Department of Hematology, National Cancer Center Hospital, Tokyo, Japan.
Drugs Today (Barc). 2021 Apr;57(4):277-289. doi: 10.1358/dot.2021.57.4.3264113.
Bruton tyrosine kinase (BTK) plays an important role in the B-cell receptor (BCR) signaling pathway by mediating proliferation, migration and adhesion in B-cell malignancies. Therefore, the components of BCR signaling, especially BTK, are considered to be attractive therapeutic targets. Ibrutinib, a first-in-class BTK inhibitor, has been approved for the treatment of several types of B-cell malignancies worldwide. However, ibrutinib has off-target activities on non-BTK kinase that are related to adverse effects or might translate into clinical limitations. To overcome these limitations, more specific BTK inhibitors are needed. Tirabrutinib hydrochloride (tirabrutinib) is a potent, highly selective, irreversible oral inhibitor of BTK. Tirabrutinib irreversibly and covalently binds to BTK in B cells and has demonstrated effective in vitro cytotoxicity in many types of B-cell malignancies and in vivo antitumor activity in mouse models. Here, we provide a comprehensive review of the preclinical and clinical activity of tirabrutinib, a drug approved in Japan for relapsed or refractory primary central nervous system lymphoma and all lines of Waldenström macroglobulinemia/lymphoplasmacytic lymphoma.

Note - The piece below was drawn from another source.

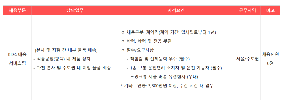 [±¤µ¿Á¦¾à] KD¼¥¹è¼Û¼ºñ½ºÆÀ ¹è¼Û±â»ç ¸ðÁý(º»»ç-ÁöÁ¡ °£ ³»ºÎ¹°Ç° ¹è¼Û)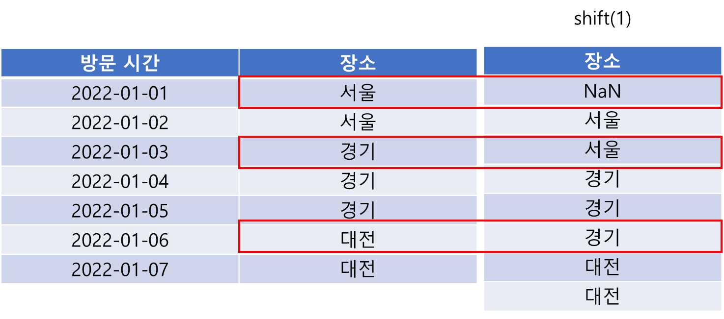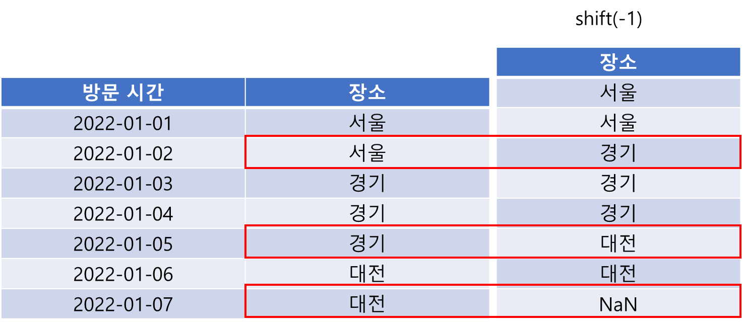이 부분은 shift가 아닌 for 문을 이용하여 구현할 수 있습니다. 데이터의 모든 행을 돌면서 현재 행의 장소와 다음 행의 장소가 다르면 현재 행, 다음 행 인덱스를 저장합니다.

布鲁顿酪氨酸激酶(BTK)在 B 细胞受体(BCR)信号通路中发挥重要作用,通过介导 B 细胞恶性肿瘤的增殖、迁移和黏附。因此,BCR 信号的组成部分,特别是 BTK,被认为是有吸引力的治疗靶点。伊布替尼是一种首创的 BTK 抑制剂,已在全球范围内批准用于治疗多种类型的 B 细胞恶性肿瘤。然而,伊布替尼对非 BTK 激酶具有非靶点活性,与不良反应有关,或者可能转化为临床限制。为了克服这些限制,需要更特异的 BTK 抑制剂。盐酸替拉鲁替尼(替拉鲁替尼)是一种强效、高度选择性、不可逆的口服 BTK 抑制剂。替拉鲁替尼在 B 细胞中不可逆且共价结合 BTK,并在多种 B 细胞恶性肿瘤的体外显示出有效的细胞毒性,在小鼠模型中显示出体内抗肿瘤活性。在这里,我们全面回顾了替拉鲁替尼的临床前和临床活性,该药已在日本获批用于复发或难治性原发性中枢神经系统淋巴瘤和所有 Waldenström 巨球蛋白血症/淋巴浆细胞淋巴瘤。